Information shown:
______________________________

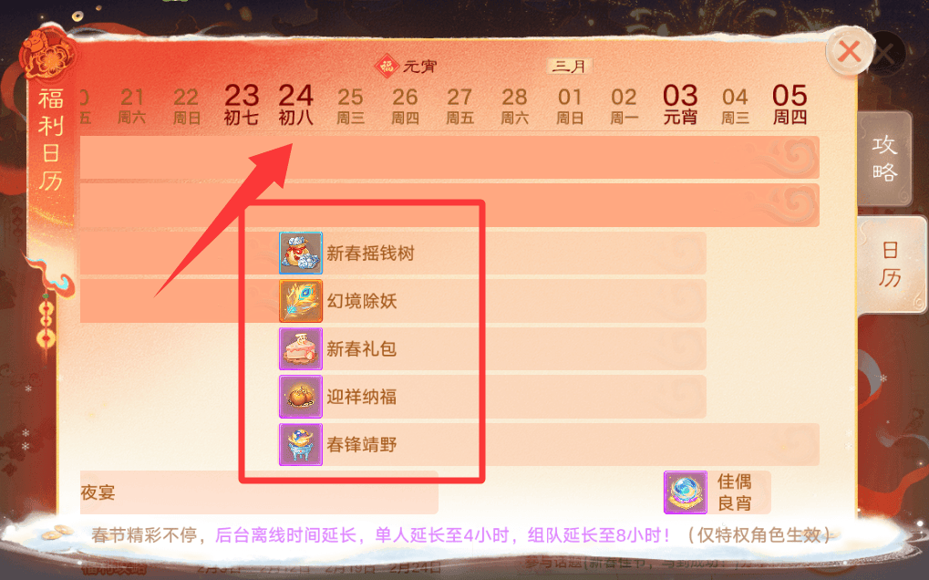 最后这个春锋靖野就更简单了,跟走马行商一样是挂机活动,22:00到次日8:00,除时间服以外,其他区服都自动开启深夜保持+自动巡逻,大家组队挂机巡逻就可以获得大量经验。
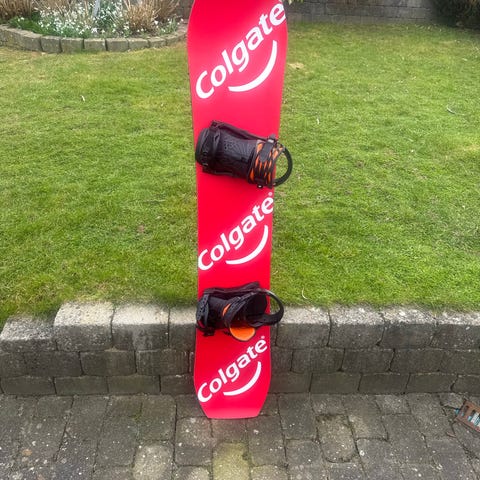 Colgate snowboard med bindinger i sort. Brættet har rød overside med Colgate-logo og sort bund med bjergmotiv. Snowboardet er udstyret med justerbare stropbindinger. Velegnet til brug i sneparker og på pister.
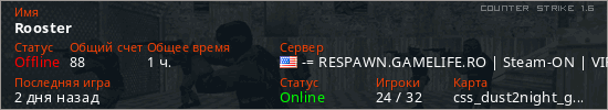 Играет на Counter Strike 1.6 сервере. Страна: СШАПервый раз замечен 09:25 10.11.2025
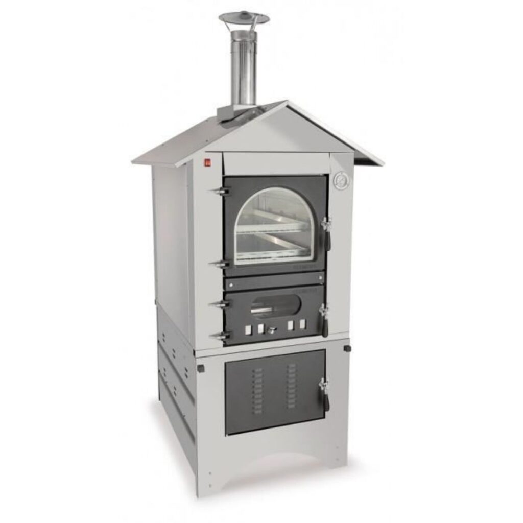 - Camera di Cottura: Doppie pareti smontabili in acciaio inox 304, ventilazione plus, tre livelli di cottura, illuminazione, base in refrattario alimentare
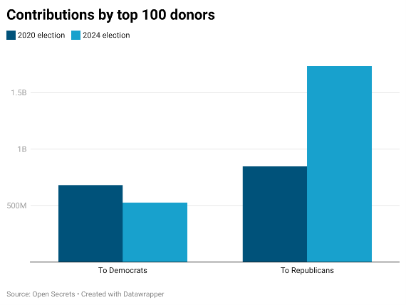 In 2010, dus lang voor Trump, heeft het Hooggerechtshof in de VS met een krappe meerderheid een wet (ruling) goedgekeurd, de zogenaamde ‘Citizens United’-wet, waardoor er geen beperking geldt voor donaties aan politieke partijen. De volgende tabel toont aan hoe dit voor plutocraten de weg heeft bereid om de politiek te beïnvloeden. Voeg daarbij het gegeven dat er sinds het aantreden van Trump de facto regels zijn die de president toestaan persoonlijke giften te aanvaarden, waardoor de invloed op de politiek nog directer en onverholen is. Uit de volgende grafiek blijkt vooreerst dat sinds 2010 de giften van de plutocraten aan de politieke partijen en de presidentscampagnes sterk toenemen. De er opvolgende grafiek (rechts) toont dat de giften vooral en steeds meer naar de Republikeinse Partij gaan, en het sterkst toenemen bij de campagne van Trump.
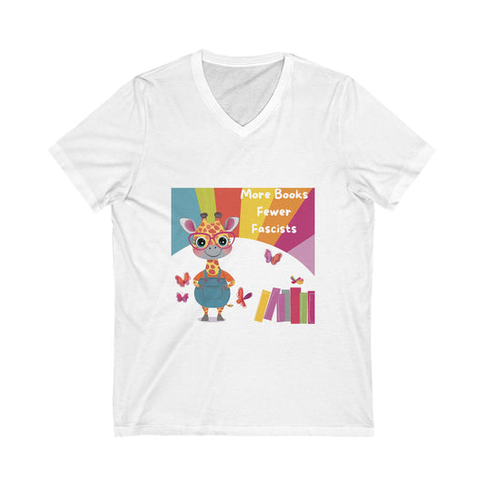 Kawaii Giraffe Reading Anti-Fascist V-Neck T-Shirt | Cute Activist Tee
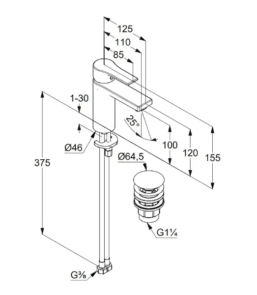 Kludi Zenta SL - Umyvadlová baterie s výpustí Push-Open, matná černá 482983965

______________________________

Give the entries above again word for word, without any pictures.

 最后这个春锋靖野就更简单了,跟走马行商一样是挂机活动,22:00到次日8:00,除时间服以外,其他区服都自动开启深夜保持+自动巡逻,大家组队挂机巡逻就可以获得大量经验。
 Colgate snowboard med bindinger i sort. Brættet har rød overside med Colgate-logo og sort bund med bjergmotiv. Snowboardet er udstyret med justerbare stropbindinger. Velegnet til brug i sneparker og på pister.
 Играет на Counter Strike 1.6 сервере. Страна: СШАПервый раз замечен 09:25 10.11.2025
 - Camera di Cottura: Doppie pareti smontabili in acciaio inox 304, ventilazione plus, tre livelli di cottura, illuminazione, base in refrattario alimentare
 In 2010, dus lang voor Trump, heeft het Hooggerechtshof in de VS met een krappe meerderheid een wet (ruling) goedgekeurd, de zogenaamde ‘Citizens United’-wet, waardoor er geen beperking geldt voor donaties aan politieke partijen. De volgende tabel toont aan hoe dit voor plutocraten de weg heeft bereid om de politiek te beïnvloeden. Voeg daarbij het gegeven dat er sinds het aantreden van Trump de facto regels zijn die de president toestaan persoonlijke giften te aanvaarden, waardoor de invloed op de politiek nog directer en onverholen is. Uit de volgende grafiek blijkt vooreerst dat sinds 2010 de giften van de plutocraten aan de politieke partijen en de presidentscampagnes sterk toenemen. De er opvolgende grafiek (rechts) toont dat de giften vooral en steeds meer naar de Republikeinse Partij gaan, en het sterkst toenemen bij de campagne van Trump.
 Kawaii Giraffe Reading Anti-Fascist V-Neck T-Shirt | Cute Activist Tee
 Kludi Zenta SL - Umyvadlová baterie s výpustí Push-Open, matná černá 482983965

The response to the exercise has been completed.